# Amp help



## Bopster (Feb 18, 2010)

This is running Pro amps either QSC or Crown.
Does impedance effect sound quality for subwoofers? 
Say I am running 1 driver that has dual 4ohm voice coils, is it better to run a 2ohm load or an 8ohm load for SQ? 
I know the 2ohm load creates more heat for the amp and possibly a shorter lifespan even though the amp would be rated for a 2ohm load.
I can get more bang for the buck running 2ohm's. 

On the same subject, if I run 3 drivers that have dual 4ohm voice coils, does it matter if I wire them 2.66ohm parallel or 6ohm in series? 
I am assuming the amp would put out slightly less power than rated at 2ohm's if loaded at 2.66ohm's. 
As well that if run at 6ohm it would put out halfway between its output rating at 4ohm's and 8ohm's.
Is this correct?

Thanks in advance :help:


----------



## Moonfly (Aug 1, 2008)

Manufacturers seem to say differing impedances dont affect the driver SQ. As long as your amp is happy with the load its presented with then there wont be any problems there either, and you usually get more watts that way.

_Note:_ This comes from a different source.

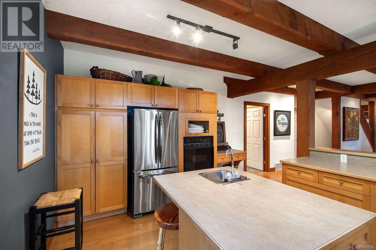 For additional information, please click on the Brochure button. Location, location, location. Set on a 1/3 acre property bordering the Willow Creek Conservation Forest and trails. Reclaimed old growth Douglas Fir timber frame posts and beams bring the natural beauty of the outdoors inside. Three storeys, 3,543 sqft of thoughtfully designed space allows single family living, intergenerational living, accessible main floor living and a potential in-law suite. Open concept main level features 10 ft ceilings, flooded with natural light, access to the stone patio and can easily transform from a cozy oasis to the perfect entertaining hub. Second floor features 2 bedrooms, bonus room, 1 bathroom, and a reading nook. Downstairs includes finished bedroom, bathroom, family room, with private entrance and storage room. This home embodies a perfect balance of comfort, convenience, and peaceful connection to nature making it a truly special living experience. (id:49203)

IMO, how you wire the drivers will make more of a difference. If you wire them in series then the drivers will affect each other as the signal has to travel through the first driver to reach the second etc. I prefer to wire in parallel because of this, but being perfectly honest I havent done any major testing in this area to conclusively say one way is better than the other.


----------